** Opening Data excerpts block **

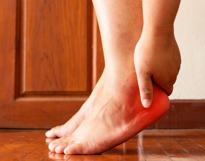 Entre os sintomas da fascite plantar está a dor debaixo do pé, próximo ao calcanhar. Essa dor é mais intensa pela manhã e durante o dia, com o caminhar.
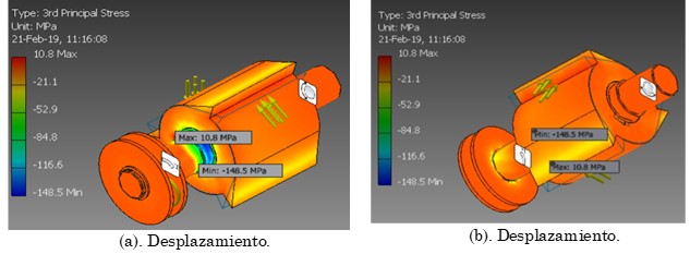 La principal restricción de las cantidades físicas del desplazamiento, realizado mediante el software Autodesk Inventor, indica que su desplazamiento y la resistencia del material plástico de la trituradora de la biomasa cuenta con un valor de carga máxima de 10.80 MPa, y un mínimo -148.50 MPa, según el diagrama ilustrado en la Figura 4 (a y b).
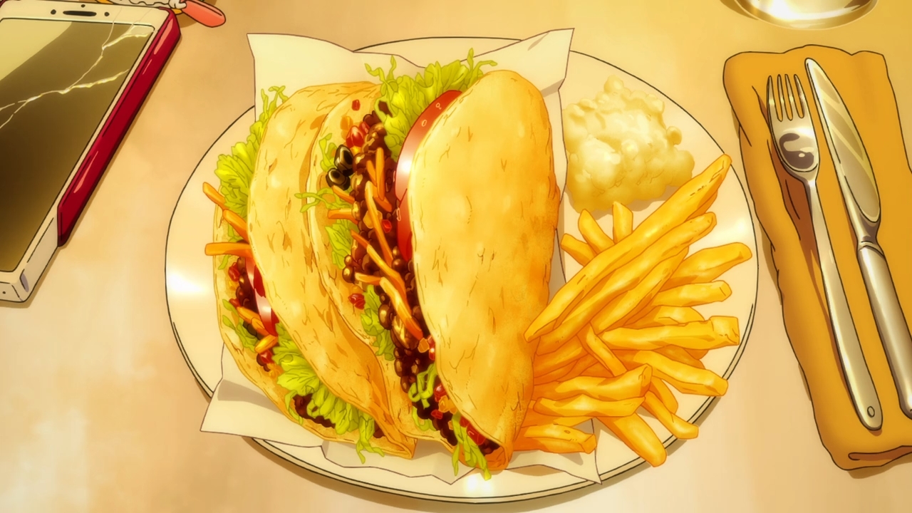 — Meanwhile, Sword is feasting on a hunk of meat that couldn’t have come from any cow. Along with that mountain of french fries and tomato-flavored sugar sauce, I’m sure he’ll have a find time shitting it all out later.
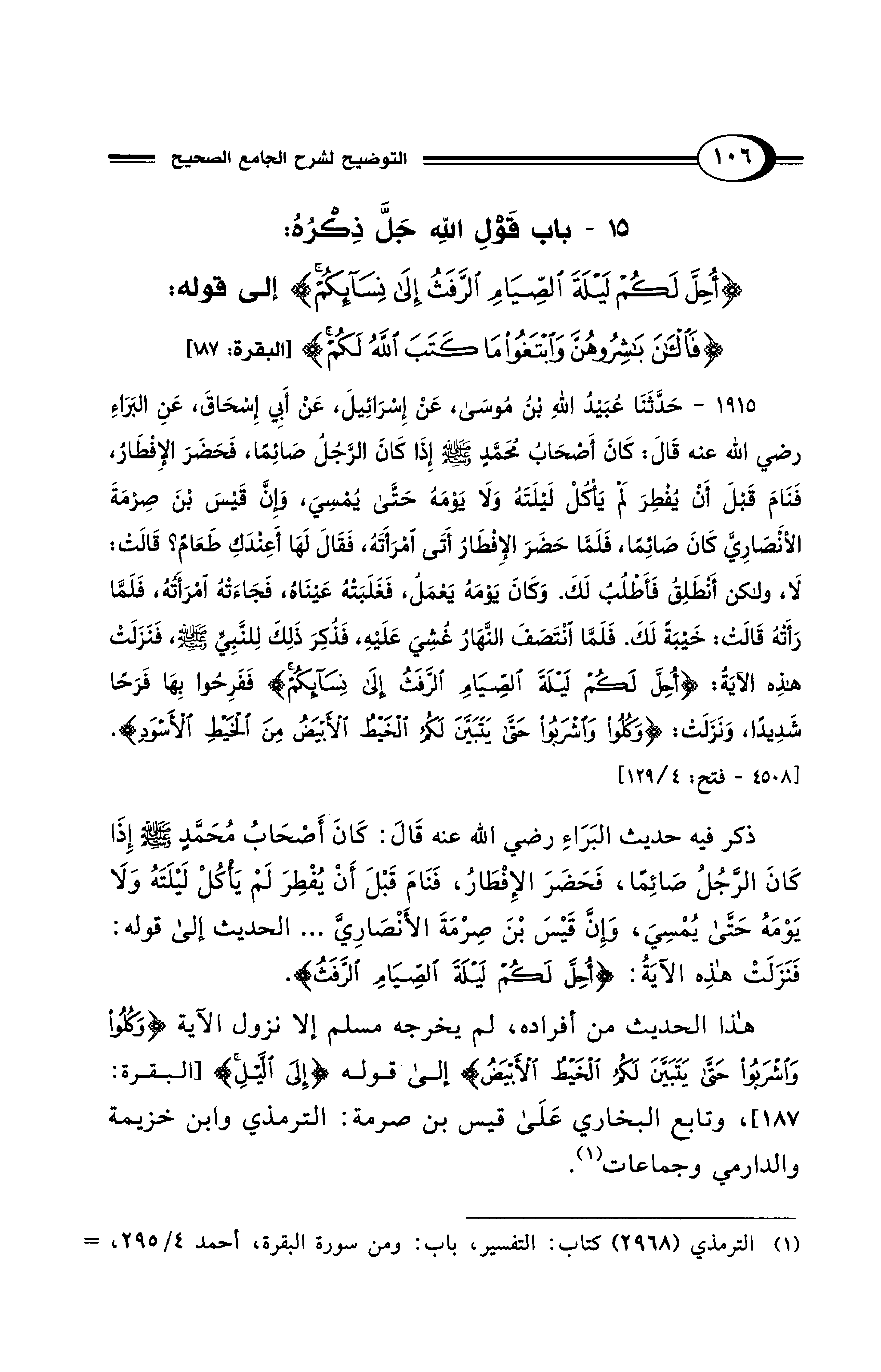 ذكر فيه حديث البَرَاءِ رضي الله عنه قَالَ: كَانَ أَصْحَابُ مُحَمَّدٍ - صلى الله عليه وسلم - إِذَا كَانَ الرَّجُلُ صَائِمًا، فَحَضَرَ الإِفْطَارُ، فَنَامَ قَبْلَ أَنْ يُفْطِرَ لَمْ يَأْكُلْ لَيْلَتَهُ وَلَا يَوْمَهُ حَتَّى يُمْسِيَ، وَإِنَّ قَيْسَ بْنَ صِرْمَةَ الأَنْصَارِيَّ ... الحديث إلى قوله: فَنَزَلَتْ هذِه الآيَةُ: {أُحِلَّ لَكُمْ لَيْلَةَ الصِّيَامِ الرَّفَثُ}.
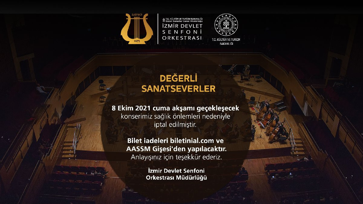 İzmir Devlet Senfoni Orkestrası’ndan yapılan açıklamada, “8 Ekim 2021 Cuma akşamı gerçekleşecek konserimiz sağlık önlemleri nedeniyle iptal edilmiştir” denildi.
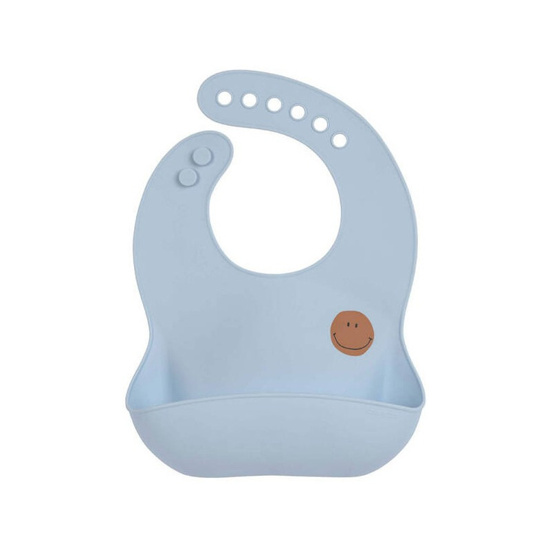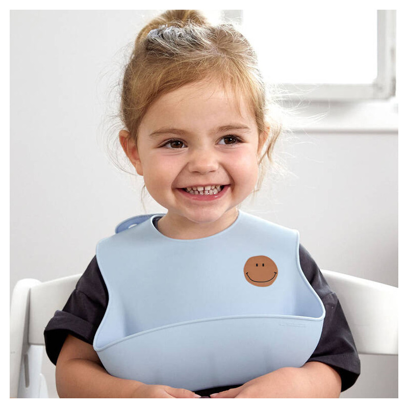 SMILE niebieski silikonowy śliniak z kieszonką Happy Rascals sky blue

** Closing Data excerpts block **

» Activity: The expected output is the exact run of lines from the one containing "ذكر فيه حديث" through the final line of the data above, both ends included, with no pictures.

» Solved exercise:
 ذكر فيه حديث البَرَاءِ رضي الله عنه قَالَ: كَانَ أَصْحَابُ مُحَمَّدٍ - صلى الله عليه وسلم - إِذَا كَانَ الرَّجُلُ صَائِمًا، فَحَضَرَ الإِفْطَارُ، فَنَامَ قَبْلَ أَنْ يُفْطِرَ لَمْ يَأْكُلْ لَيْلَتَهُ وَلَا يَوْمَهُ حَتَّى يُمْسِيَ، وَإِنَّ قَيْسَ بْنَ صِرْمَةَ الأَنْصَارِيَّ ... الحديث إلى قوله: فَنَزَلَتْ هذِه الآيَةُ: {أُحِلَّ لَكُمْ لَيْلَةَ الصِّيَامِ الرَّفَثُ}.
 İzmir Devlet Senfoni Orkestrası’ndan yapılan açıklamada, “8 Ekim 2021 Cuma akşamı gerçekleşecek konserimiz sağlık önlemleri nedeniyle iptal edilmiştir” denildi.
 SMILE niebieski silikonowy śliniak z kieszonką Happy Rascals sky blue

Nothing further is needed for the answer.